After Les Girls, Gene Kelly only did a few more musicals.  Among these were the French New Wave homage film Les Demoiselles de Rochefort and the Olivia Newton-John roller derby musical Xanadu.  Let us not forget Hello, Dolly!, either, which he directed.  That's quite an eclectic group of musicals!  But while his career inevitably slowed down as musicals lost their appeal, Gene Kelly still had to his credit an impressive legacy comprised of some of MGM's most memorable musicals.  Les Girls may not be his finest work, but as a musical in that classic MGM mold, it is a worthy tribute to one of the studio's most beloved stars.

Video *** 1/2

Les Girls is presented in a letterbox widescreen format that preserves the original aspect ratio of its Cinemascope release.  Color is provided by Metrocolor.  This is quite a pleasing transfer, with no discernible artifacts or defects.  The source print is quite very nice, without much debris or any discoloration.  Warner Brothers has done a solid job here, and I only wish older musicals would always receive this degree of care.

Audio ** 1/2

Les Girls has a new 5.1 Dolby Digital audio but probably does not really need the upgrade.  The film's audio sounds alright, but dialogue seems to have a slight echo effect to it.  It isn't very noticeable, but it is there.  Fortunately, it will not interfere with your enjoyment of the film.  The musical numbers spread the sound around nicely, even if there are not many musical numbers.  Coincidentally, Cole Porter had originally written twelve songs for the film, of which only five eventually made it into the final picture.  I wonder what happened to those other tunes?

Features **

The cover mentions a behind-the-scenes section which doesn't appear on the DVD.  Ooo-kay.  The DVD does have a Les Girls trailer, which promotes Les Girls as "rhymes with playgirls."  Ooo-kay.  There is also a one-page section on the awards won by the film.  It's not too terribly exciting.

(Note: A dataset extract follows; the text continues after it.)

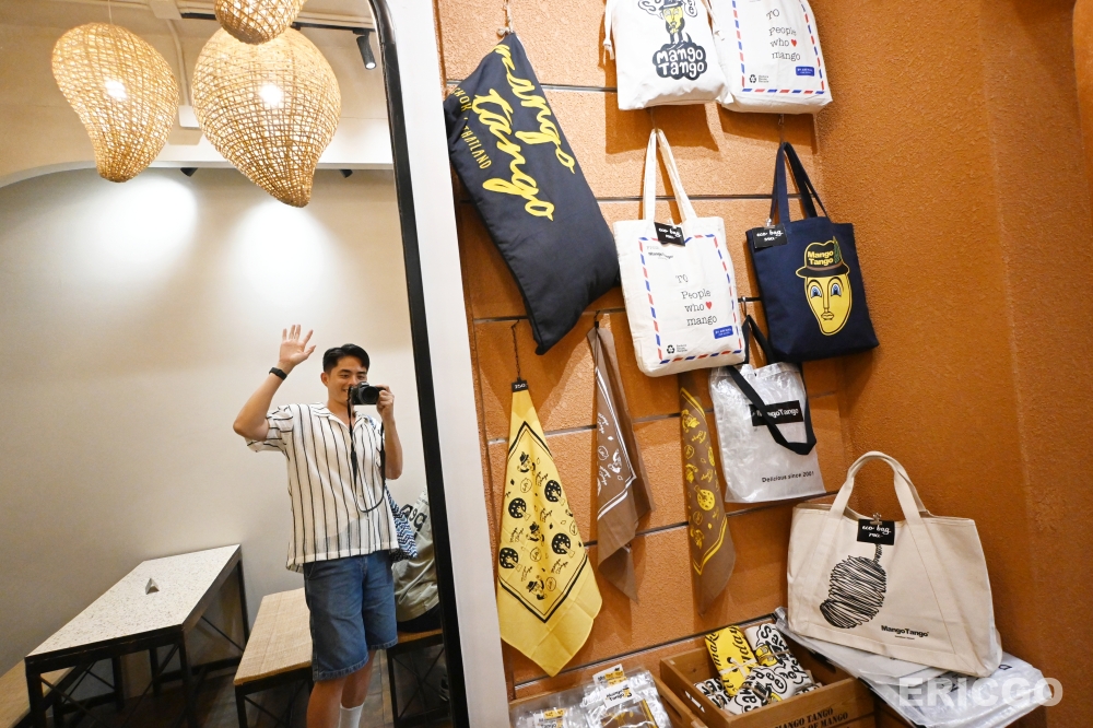 Mango Tango 的文創商品,設計上非常簡潔、可愛,而且辨識度很高。他們巧妙地將芒果的形狀、顏色,甚至那種熱帶的陽光感,融入到商品設計中。無論是小吊飾、杯墊,還是更大型的包包、T恤,你都能一眼看出這是 Mango Tango 的出品。
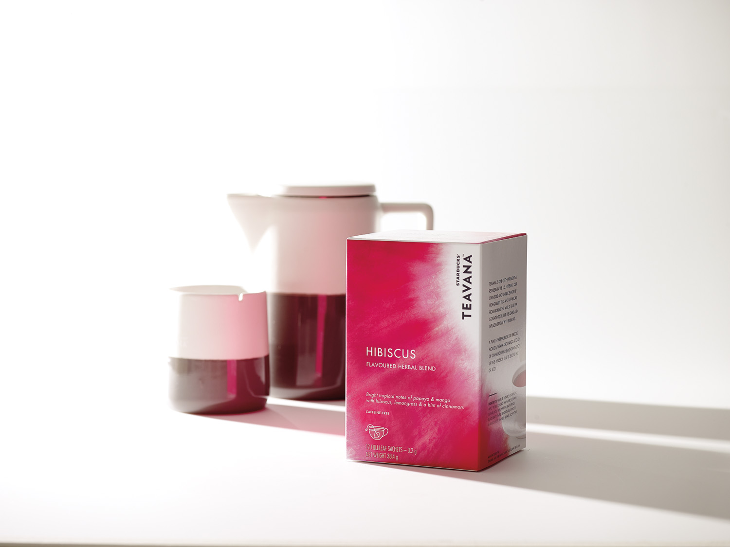Sản phẩm trà Starbucks® Teavana™ gồm các dòng: Matcha và Espresso Fusion (hỗn hợp trà và cà phê); Trà đen với bưởi hồng và mật ong; Trà hoa dâm bụt với thạch lựu.

The only significant features are a cartoon and a short featurette.  That's not very much, but c'est la vie.  The cartoon is Flea Circus, an obscure 7-minute cartoon about a French flea circus, a clown flea, and a can-can flea.  It's mildly diverting, and I was actually surprised to realize that I'd seen it somewhere before.  The featurette is hosted by Taina Elg as she takes a nostalgic look back at Les Girls and its production.  The most notable comment she provides concerns Kay Kendall, whose promising career was sadly cut short by leukemia only a few years after the premiere of Les Girls.


Les Girls may not be as famous as some of Gene Kelly's earlier musicals, but it still captures a lot of the gaiety and fun of those films.  There are plenty of laughs to be had here, as well as a few Cole Porter tunes, too!  If you're looking for a family-friendly romantic comedy with music, dance, and girls, girls, girls, give Les Girls a spin!